WHAT NEEDS TO BE DONE: Retype only what runs from the first line of the listing to the line holding "KEUCO Spiegelschrank Royal", both included. Do not retype the pictures.

DATA EXCERPT:
>>>>
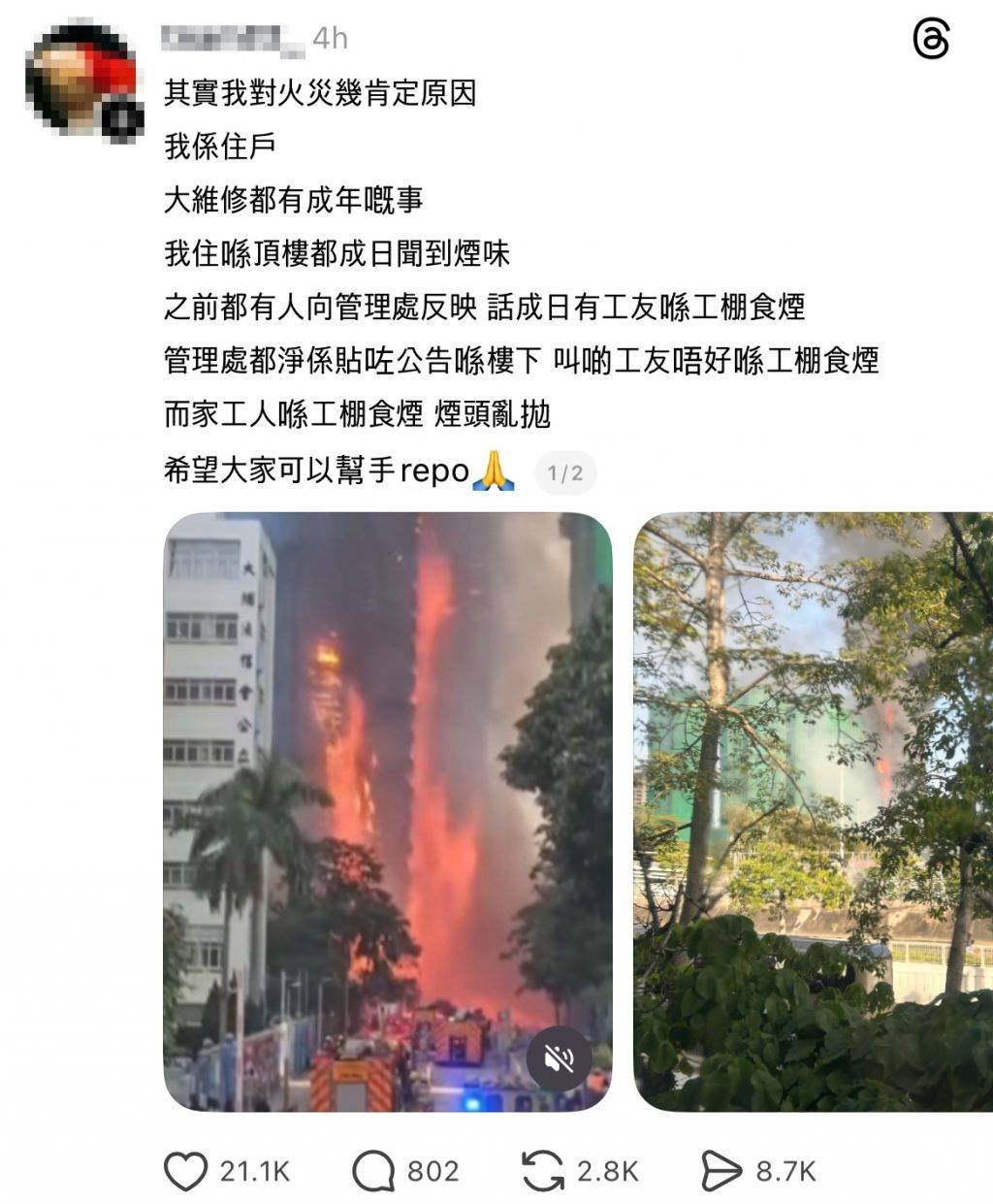 有宏福苑住戶在網上發文爆料,聲稱對火災原因「幾肯定」。該名住戶透露,屋苑大維修工程已進行近一年,住在頂樓的他經常聞到煙味,「之前都有人向管理處反映,話成日有工友喺工棚食煙」。住戶指管理處只是在樓下貼公告,叫工友不要在工棚吸煙,但問題一直未有改善。住戶更直言「而家工人喺工棚食煙,煙頭亂拋」,認為火災很大機會是工友吸煙或住戶扔煙頭引起,因為「火初起時係喺一樓」。
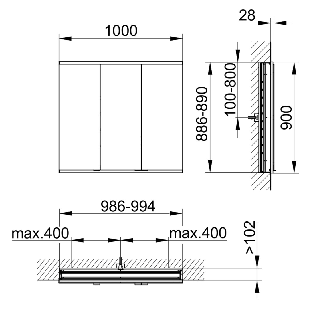 KEUCO Spiegelschrank Royal Modular 2.0 100 x 90 x 12 cm, ohne Steckdose, UP, 3-türig 800300101000000
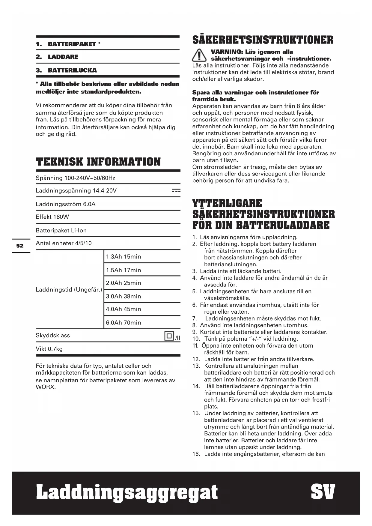 - Alla tillbehör beskrivna eller avbildade nedan medföljer inte standardprodukten. Vi rekommenderar att du köper dina tillbehör från samma återförsäljare som du köpte produkten från. Läs på tillbehörens förpackning för mera information. Din återförsäljare kan också hjälpa dig och ge dig råd. TEKNISK INFORMATION Spänning 100-240V~50/60Hz Laddningsspänning 14.4-20V Laddningsström 6.0A Effekt 160W Batteripaket Li-Ion Antal enheter 4/5/10 Laddningstid (Ungefär.) 1.3Ah 15min 1.5Ah 17min 2.0Ah 25min 3.0Ah 38min 4.0Ah 45min 6.0Ah 70min Skyddsklass /II Vikt 0.7kg För tekniska data för typ, antalet celler och märkkapaciteten för batterierna som kan laddas, se namnplattan för batteripaketet som levereras av WORX. SÄKERHETSINSTRUKTIONER VARNING: Läs igenom alla säkerhetsvarningar och -instruktioner. Läs alla instruktioner. Följs inte alla nedanstående instruktioner kan det leda till elektriska stötar, brand och/eller allvarliga skador. Spara alla varningar och instruktioner för framtida bruk. Apparaten kan användas av barn från 8 års ålder och uppåt, och personer med nedsatt fysisk, sensorisk eller mental förmåga eller som saknar erfarenhet och kunskap, om de har fått handledning eller instruktioner beträffande användning av apparaten på ett säkert sätt och förstår vilka faror det innebär. Barn skall inte leka med apparaten. Rengöring och användarunderhåll får inte utföras av barn utan tillsyn. Om strömsladden är trasig, måste den bytas av tillverkaren eller dess serviceagent eller liknande behörig person för att undvika fara. YTTERLIGARE SÄKERHETSINSTRUKTIONER
<<<<
OUTPUT FOR THIS EXERCISE:
 有宏福苑住戶在網上發文爆料,聲稱對火災原因「幾肯定」。該名住戶透露,屋苑大維修工程已進行近一年,住在頂樓的他經常聞到煙味,「之前都有人向管理處反映,話成日有工友喺工棚食煙」。住戶指管理處只是在樓下貼公告,叫工友不要在工棚吸煙,但問題一直未有改善。住戶更直言「而家工人喺工棚食煙,煙頭亂拋」,認為火災很大機會是工友吸煙或住戶扔煙頭引起,因為「火初起時係喺一樓」。
 KEUCO Spiegelschrank Royal Modular 2.0 100 x 90 x 12 cm, ohne Steckdose, UP, 3-türig 800300101000000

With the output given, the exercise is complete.